*Dataset content:*

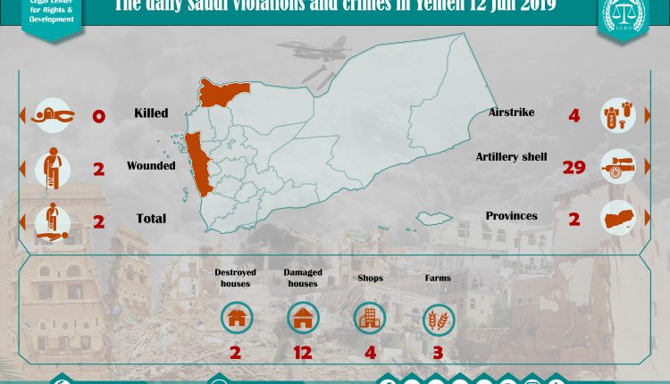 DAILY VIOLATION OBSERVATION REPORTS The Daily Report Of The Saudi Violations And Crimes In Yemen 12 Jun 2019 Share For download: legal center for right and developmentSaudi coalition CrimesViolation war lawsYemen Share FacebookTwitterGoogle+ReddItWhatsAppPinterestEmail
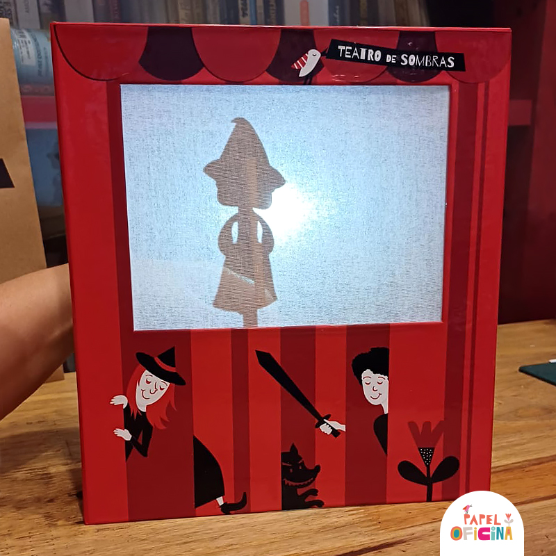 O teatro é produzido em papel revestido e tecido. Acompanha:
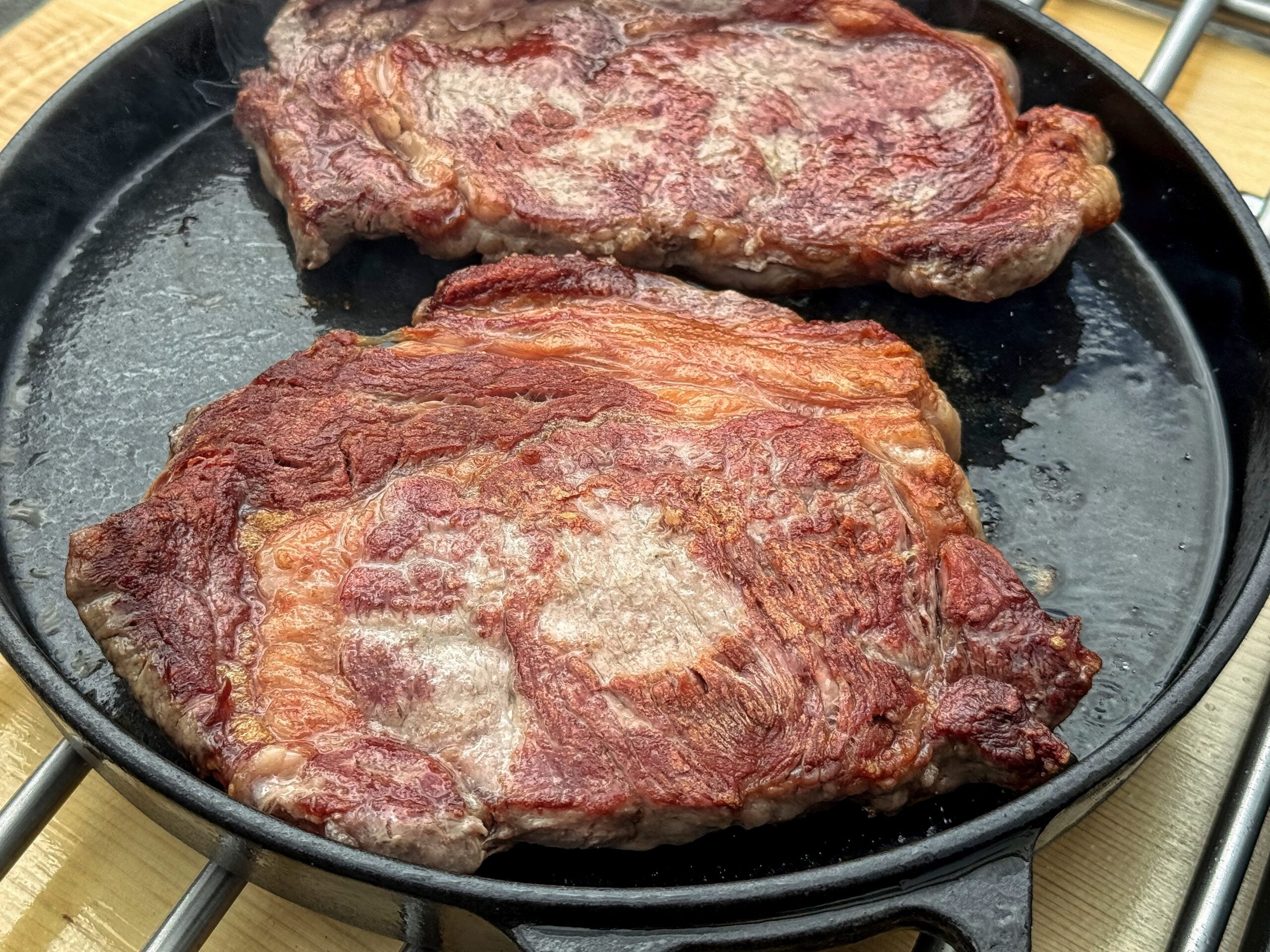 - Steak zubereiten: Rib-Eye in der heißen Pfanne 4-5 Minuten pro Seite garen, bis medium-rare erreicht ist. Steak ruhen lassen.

*Exercise goal:*
The lines from the one containing "O teatro é produzido" to the final line of the material, both ends included, should be retyped exactly and alone, with no pictures.

*Answer box:*
 O teatro é produzido em papel revestido e tecido. Acompanha:
 - Steak zubereiten: Rib-Eye in der heißen Pfanne 4-5 Minuten pro Seite garen, bis medium-rare erreicht ist. Steak ruhen lassen.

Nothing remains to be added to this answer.